He acknowledged the logic of her argument; nevertheless, the thing seemed utterly preposterous. He rose and walked the length of his office, and stood looking out of the window. Then he returned and resumed his seat. He was strangely moved by her beauty and some unexplained helplessness of her plight, vouchsafed to his senses, yet he recognized a certain need for caution.
"What should I be expected to do?" he inquired.
His visitor, in the mental agitation which had preceded this interview, had taken little if any time to think of the details likely to attend an alliance such as she had just proposed. She could only think in generalities.
"Why—there will be very little for you to do, except to permit yourself to be considered my lawful husband, temporarily," she replied after a moment of hesitation, with a hot flush mounting to her cheek.
"And to whom would I play?" he queried. "Should I be obliged, in this capacity, to meet your relatives and friends?"
"Certainly—a few," said his visitor. "But I have almost no relatives in the world. I have no father, mother, brothers, or sisters. There will be, at most, a few distant relatives and possibly my lawyer."
Garrison made no response. He was trying to think what such a game would mean—and what it might involve.

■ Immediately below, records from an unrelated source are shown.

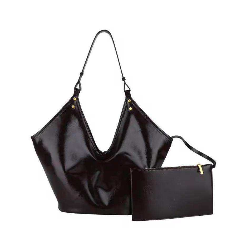 El bolso Éclisse destaca por su silueta amplia y su acabado brillante, que aporta un toque de distinción sin esfuerzo.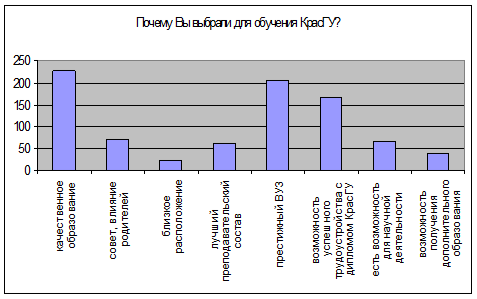Контент-анализ вариантов ответов, предложенных студентами, показал, что КрасГУ это также и «интересный круг общения», «интересные знакомства» - 5 ответов из 17. С помощью второго вопроса: «Почему Вы выбрали для обучения КрасГУ?» можно определить те факторы, которые важны для абитуриентов и которые, соответственно влияют на формирование имиджа КрасГУ. Для ответа на данный вопрос респондентам предлагались следующие варианты ответов: качественное образование; совет, влияние родителей; близкое расположение к дому; лучший преподавательский состав; самый престижный ВУЗ; возможность успешного трудоустройства с дипломом КрасГУ; есть возможность для научной деятельности; возможность получения дополнительного образования. Помимо этих вариантов, респондентам предлагалось указать свой вариант ответа. Как показали результаты анализа (см. рис. №4), студенты при выборе ВУЗа руководствуются тремя основными характеристиками: качественное образование, престиж ВУЗа и возможность успешного трудоустройства с дипломом ВУЗа. Из этих данных можно сделать вывод, что при формировании имиджа для такой целевой аудитории как абитуриенты необходимо в первую очередь позиционировать КрасГУ как самый престижный ВУЗ, дающий все необходимые знания для подготовки высококвалифицированных специалистов, которое ценятся на рынке труда. Рис. №4.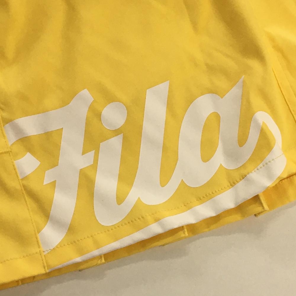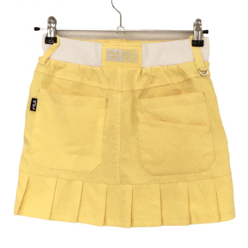 【超美品】フィラゴルフ スカート イエロー×白 後ろ裾プリーツ 後ろウエストゴム インナーパンツ付 レディース S ゴルフウェア FILA GOLF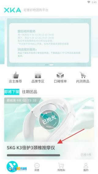 1、进入首页就能看到店铺推荐等板块,展示SKG按摩仪等商品,附带“即将下架”等提醒;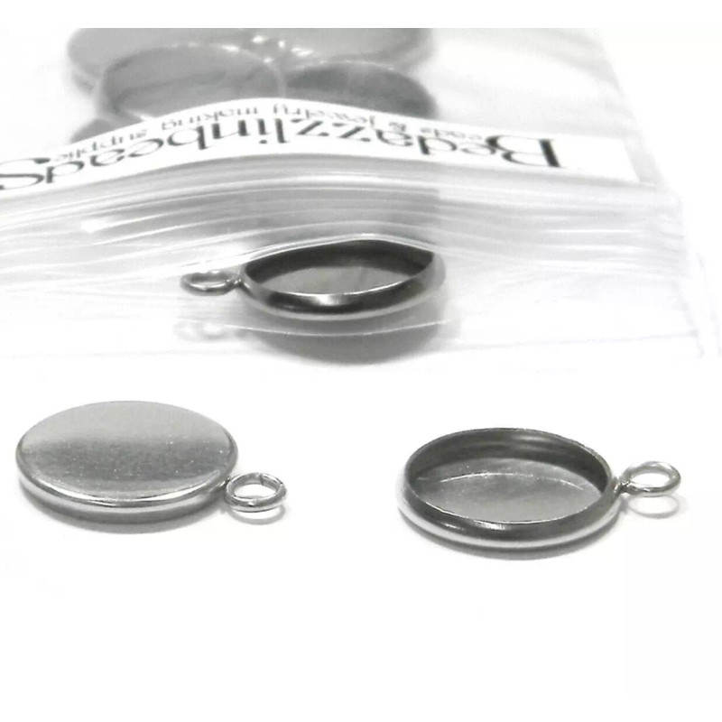 Bedazzlinbeads 2 Surgical 304 Grade Stainless Steel Dark Silver 12mm Bezel Cup Pendant Charms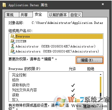 3、進(jìn)入安全選項(xiàng)界面,選擇【everyone】賬號(hào),然后點(diǎn)擊下方【編輯】選項(xiàng);
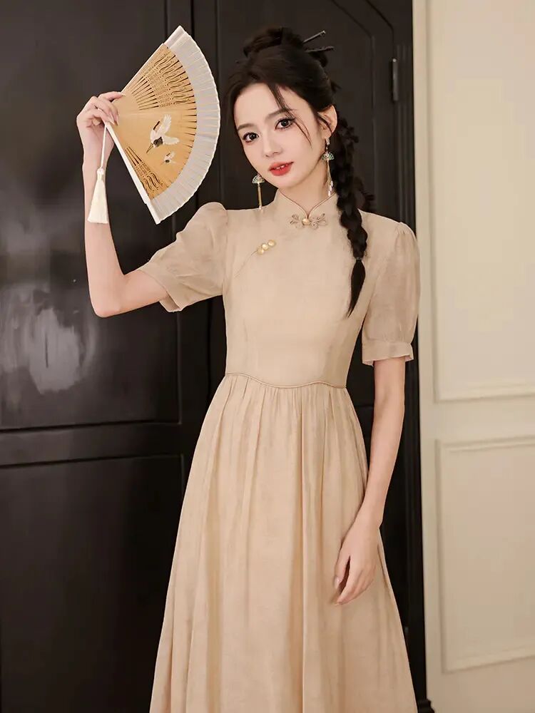 【3天發貨】2024夏季新款日常可穿復古民國風素雅顯白新中式旗袍LBS2624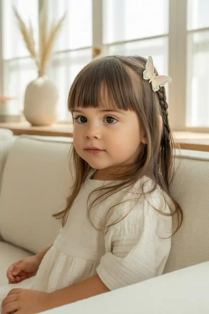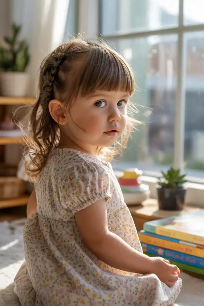 If your toddler’s bangs are growing out, try a small braid that clips to the side. It’s a lovely way to keep hair out of their eyes while adding a bit of style.
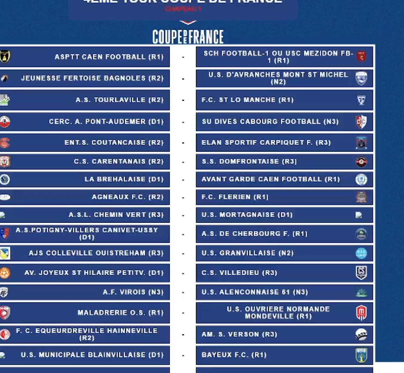 Mercredi 17 septembre 2025, la Ligue de Normandie procédera au tirage au sort du 4ᵉ tour de la Coupe de France 2025/2026.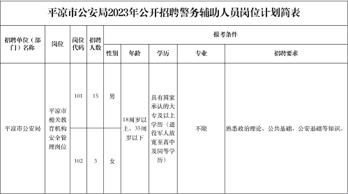 本次计划招聘辅警18名,其中男性15名、女性3名。招聘岗位及条件详见附件:《平凉市公安局2023年公开招聘警务辅助人员岗位计划简表》。

His visitor presently added:
"Do you consent—for five hundred dollars?"
"I don't know," answered the man. Again he paced the room. When he halted before his client he looked at her sternly.
"You haven't told me your name," he said.
She gave him her card, on which appeared nothing more than just merely the name "Mrs. Jerold Fairfax," with an address in an uptown West Side street.
Garrison glanced at it briefly.
"This is something you have provided purposely to fit your requirements," he said. "Am I not supposed to know you by any other name?"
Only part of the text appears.